To do:
Exact repetition of a range: find the line containing "According to the" and the line containing "WYPOSAŻENIE Kuchnia: zabudowa meblowa, lodówka" in the material below, then repeat both and all lines between them, leaving pictures out.

Data to examine:
+--

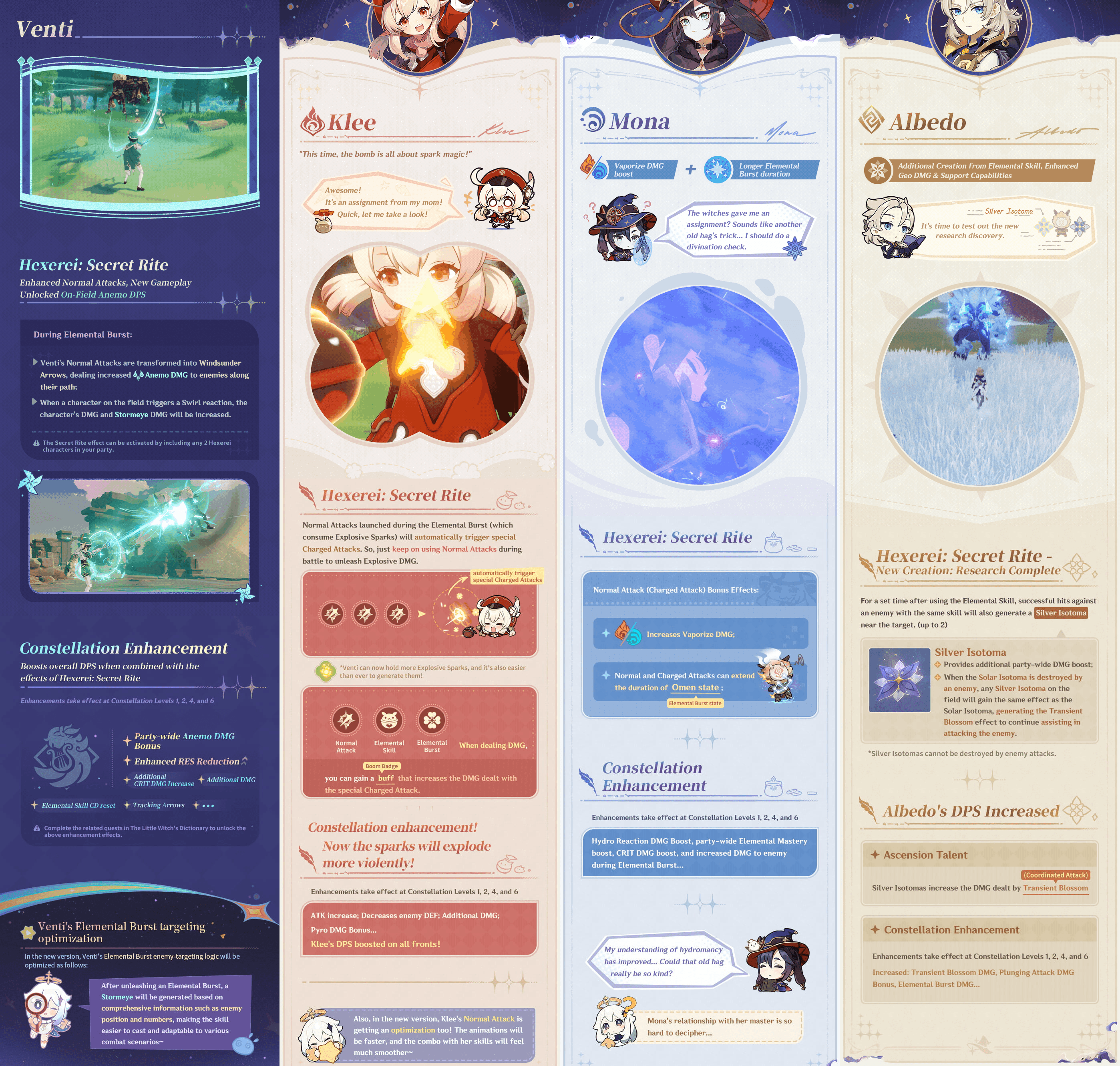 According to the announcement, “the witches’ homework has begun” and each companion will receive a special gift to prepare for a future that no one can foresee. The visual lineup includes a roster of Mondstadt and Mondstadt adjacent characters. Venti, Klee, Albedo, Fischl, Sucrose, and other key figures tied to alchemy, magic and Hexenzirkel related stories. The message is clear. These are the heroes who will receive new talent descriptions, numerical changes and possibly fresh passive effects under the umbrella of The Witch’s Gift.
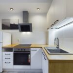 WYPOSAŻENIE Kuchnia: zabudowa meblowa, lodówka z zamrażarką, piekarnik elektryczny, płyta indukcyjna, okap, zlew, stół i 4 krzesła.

+--

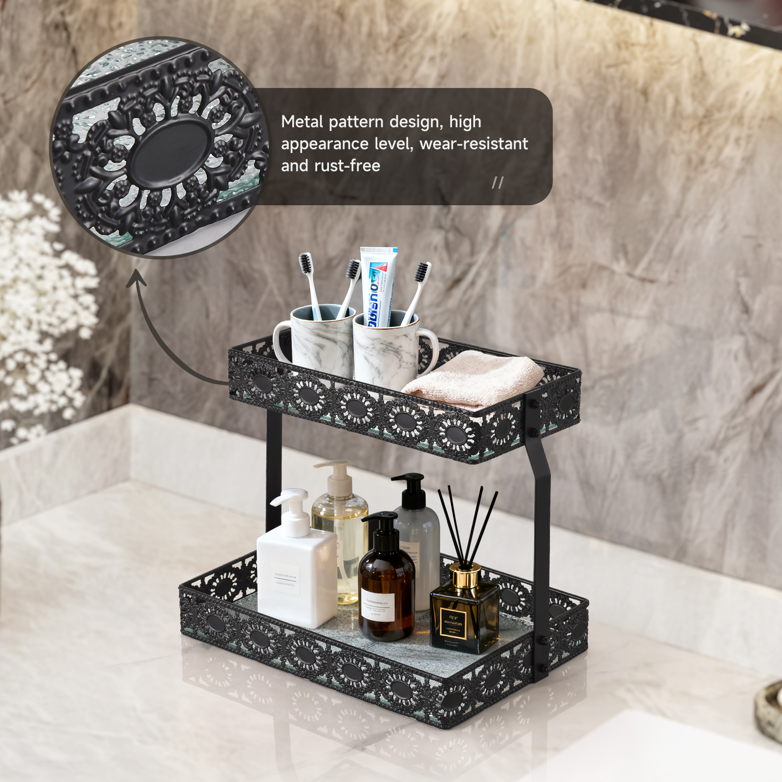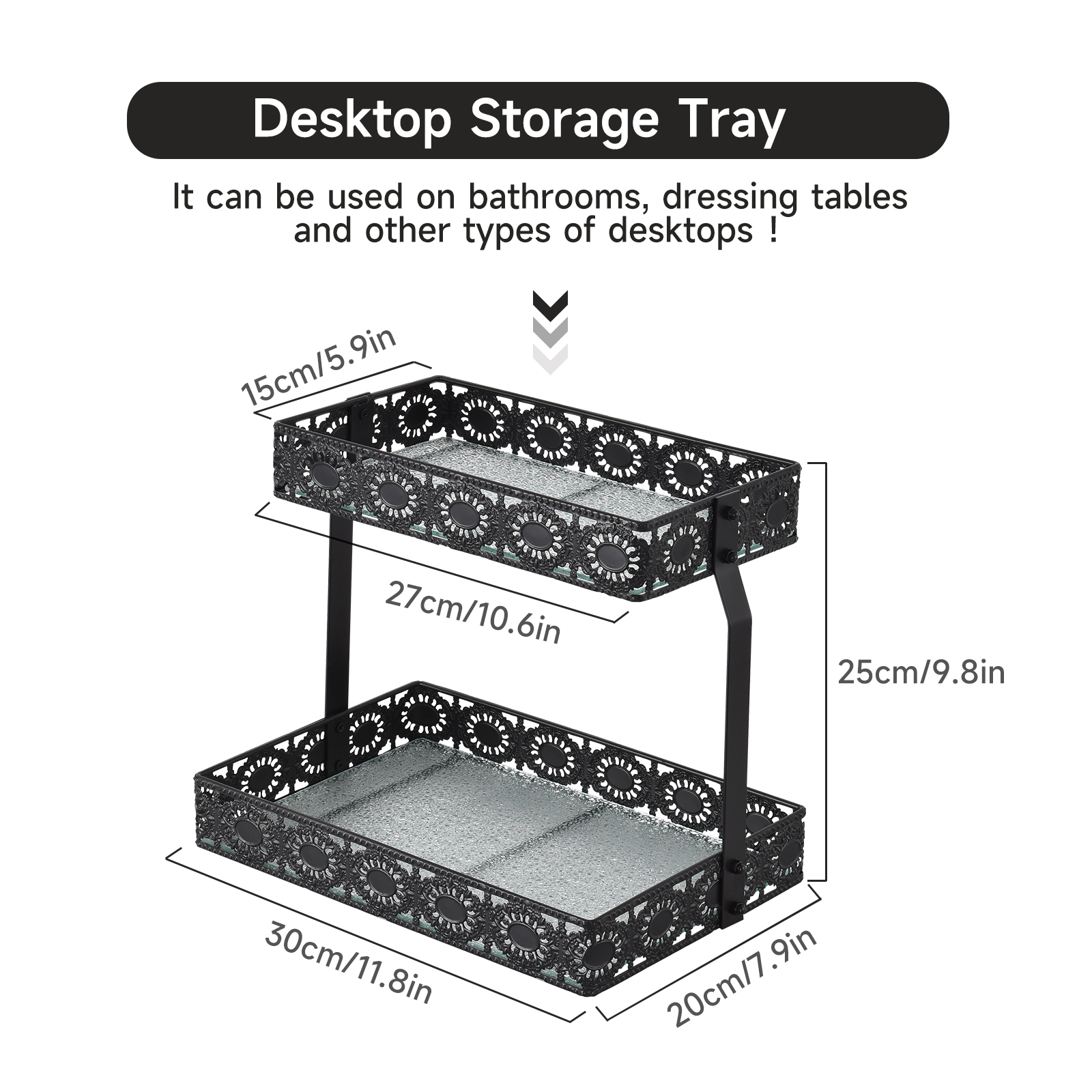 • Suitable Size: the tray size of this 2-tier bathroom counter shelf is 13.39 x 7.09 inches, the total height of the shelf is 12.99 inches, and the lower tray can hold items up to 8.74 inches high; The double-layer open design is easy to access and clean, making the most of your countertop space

+--

Exercise answer:
 According to the announcement, “the witches’ homework has begun” and each companion will receive a special gift to prepare for a future that no one can foresee. The visual lineup includes a roster of Mondstadt and Mondstadt adjacent characters. Venti, Klee, Albedo, Fischl, Sucrose, and other key figures tied to alchemy, magic and Hexenzirkel related stories. The message is clear. These are the heroes who will receive new talent descriptions, numerical changes and possibly fresh passive effects under the umbrella of The Witch’s Gift.
 WYPOSAŻENIE Kuchnia: zabudowa meblowa, lodówka z zamrażarką, piekarnik elektryczny, płyta indukcyjna, okap, zlew, stół i 4 krzesła.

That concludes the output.